How to do creative work

As prospective salespeople we don’t generally regard ourselves as artists.

There are a lot of mundane tactics requited to sell. You have to source leads, make cold calls, and get comfortable asking for what you want.

But, at its most elegant selling, is a creative act. To sell your ideas is to channel something bigger than yourself for a cause that is more important than money.

Preparation is essential

The more thought and care that you put into a project, the more likely that project is going to be successful.

I spent a hundred hours conducting interviews and researching my client in advance. Expect to spend ten times as much time preparing as you do executing.

But preparation alone doesn’t equate to creating something from nothing.

The moment of execution

None of the preparation I did for our client would have mattered had we not delivered the workshop.

Place the phone call.
Send that email.
Step out on stage.

Don’t use preparation as a way to avoid the work that needs to be done. The pitch – any moment of execution – matters more.

Have a cause that’s more important

Have a cause greater than your own self-interest.

The cause doesn’t have to be grandiose. The world wasn’t immediately going to be altered through our client finding a new organizing idea.
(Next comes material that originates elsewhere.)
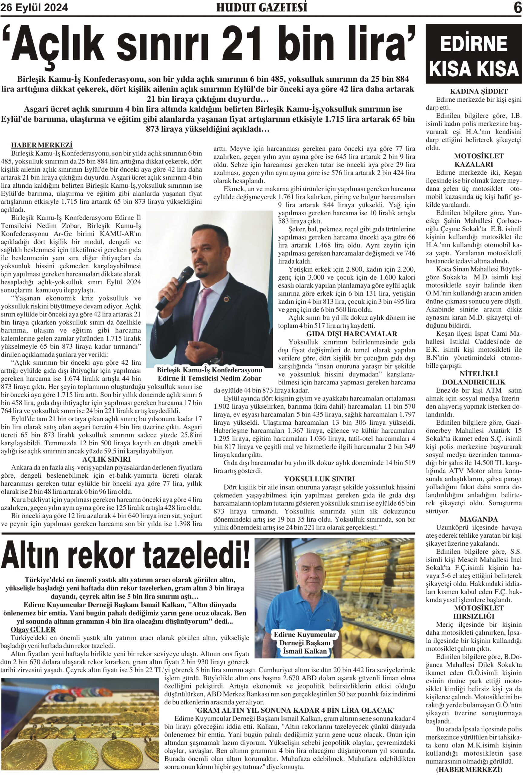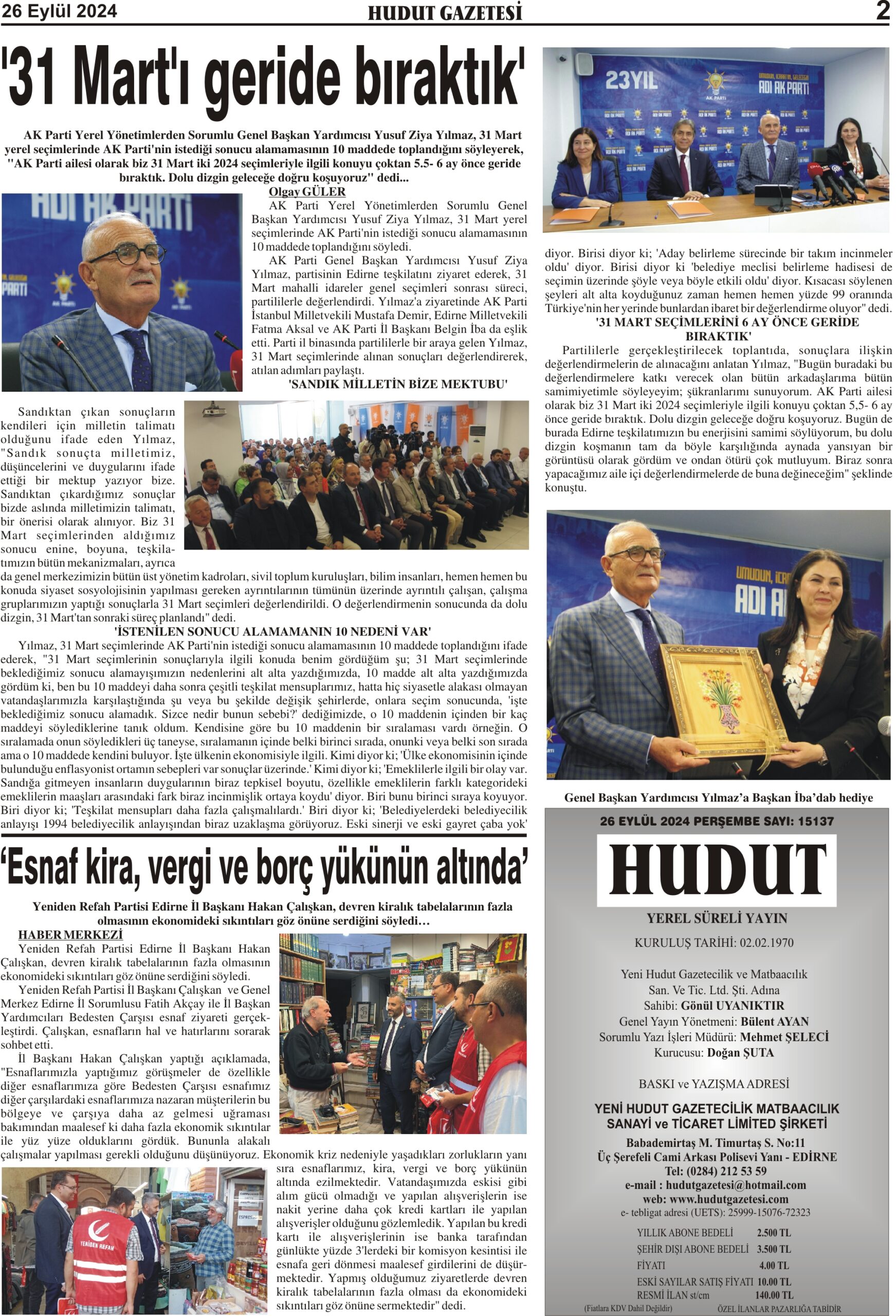 31 Ocak 2026 Cumartesi Hudut Gazetesi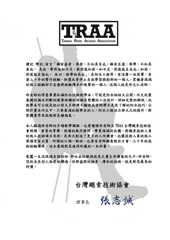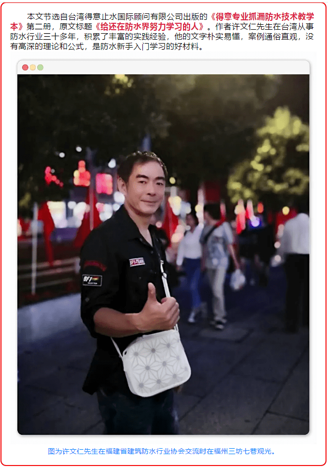這本書獲得了兩岸三地許多防水同業的肯定與推薦,這充分顯示了我們在防水領域的專業地位和影響力。這樣的成就讓我們感到自豪,也激勵我們持續推動防水技術的發展與普及。

But by harnessing that purpose, applying all of your preparation, and coordinating the time and effort of others, you may be able to create something bigger than any one person.

Creativity in sales

I’m fascinated by moments of peak performance in sales – when we outperform our own expectations.

And transforming sales from work into a creative habit takes practice.

But with enough preparation, a clear purpose, and an openness to the unexpected, your outcomes can be greater than the sum of those parts.

Homework

Today’s homework is to look for creativity in your daily work.

Instead of attempting to make your current sales efforts creative or cultivating an entirely new creative habit, look for creativity within your current habits.

What is something that you do every day that you can turn into a creative practice?

  • Every morning you make coffee → can your coffee preparation be a moment of creativity?
  • You walk your dog → can you choose a different location for the walk each day or be creative in how you walk around a known location?
  • You make dinner for yourself and your spouse → can cooking, however simple, become an act of creativity?

By practicing a creative habit, no matter how small it is or in what domain, you’ll be better at recognizing creativity elsewhere and when it really matters.